You may need a way to explain to your children, or better yet, a means to share with them just what is about to happen in this third week of March. Daddy’s got some basketball games to watch but that doesn’t mean we want to be left alone during March Madness. We need a way to help everybody understand why we’re watching so many concurrent and consecutive games of basketball featuring relatively unknown players from communities we’ll probably never visit or understand like it’s the most important sporting event of the year…..for real this time. Instead, let’s get the family involved by explaining the significance of the NCAA Men’s Basketball Tournament and the powerful emotions that come with it using the common language of movies.
The David vs Goliath Principle – The majority of action and adventure movies are a variation on or include elements of the large, powerful and slow being defeated by the small, nimble and quick. 2009’s “Avatar,” “Star Wars” and “Lord of the Rings” films are some of the strongest examples that stand out. In the NCAA Tournament, teams like Duke, North Carolina, Michigan State and Kentucky represent the Galactic Empire, Sauron and the RDA corporation whenever they’re not playing each other. A great thing to point out to the family is the fact that Luke Skywalker, Frodo and Jake Sully only show up in the NCAA Tournament when an unheralded school seizes the heroic moments. The little guys are usually losing early and often and so we all celebrate when teams like VCU, George Mason or Butler make it to the Final Four. Grabbing the kids and pointing out the Davids in the tournament using the school colors, mascot or even a memorable player is a great way to start.
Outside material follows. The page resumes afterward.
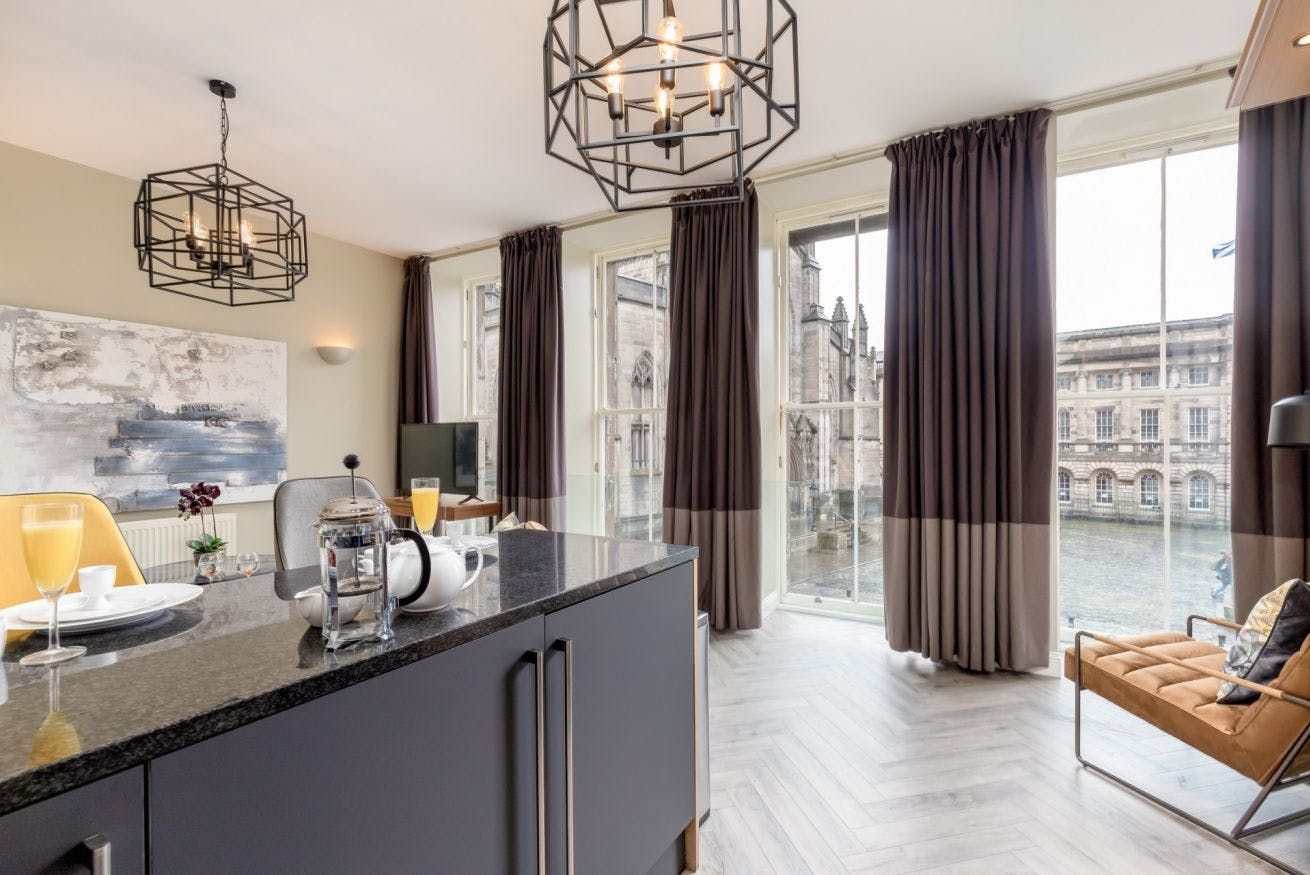 With floor-to-ceiling windows overlooking the Gothic grandeur of St Giles’ Cathedral, this apartment is instantly impressive. We love the scenery, and we also love the location – walking distance from many of the most popular sights, and right in the heart of Edinburgh’s Old Town. When you’re not sightseeing, souvenir shopping, or sampling local culture in a traditional pub, this one-bedroom apartment is a cosy and comfortable place to recharge your batteries. It has everything you need to feel right at home, plus that extra-special view, which might just be one of the best in the city.

Who is Cinderella – The term “Cinderella” is still thrown around quite a bit in the context of the NCAA Tournament for some reason. The analogy goes something like this: Team A is playing far better than anybody expected and so, like a sad cleaning girl disguised as a beautiful princess at the big party, time is running out on both of them pretending to be something they’re not. At midnight/some near point in the future both Team A and Cinderella will revert to form, be exposed for what they truly are and lose the game/the prince. How sad. I’ve always thought that analogy was incomplete since Cinderella eventually gets hers when the prince recognizes her feet and they live happily ever after. Yet, Team A doesn’t get anything for their run in the tournament except a couple of highlights during the “One Moment in Time” montage on TV at the end of the tournament. Villanova was a #8 seed (out of 16) when they won the tournament in 1985 and as the lowest such seed, those Wildcats stand as the most Cinderella-ist of teams in history.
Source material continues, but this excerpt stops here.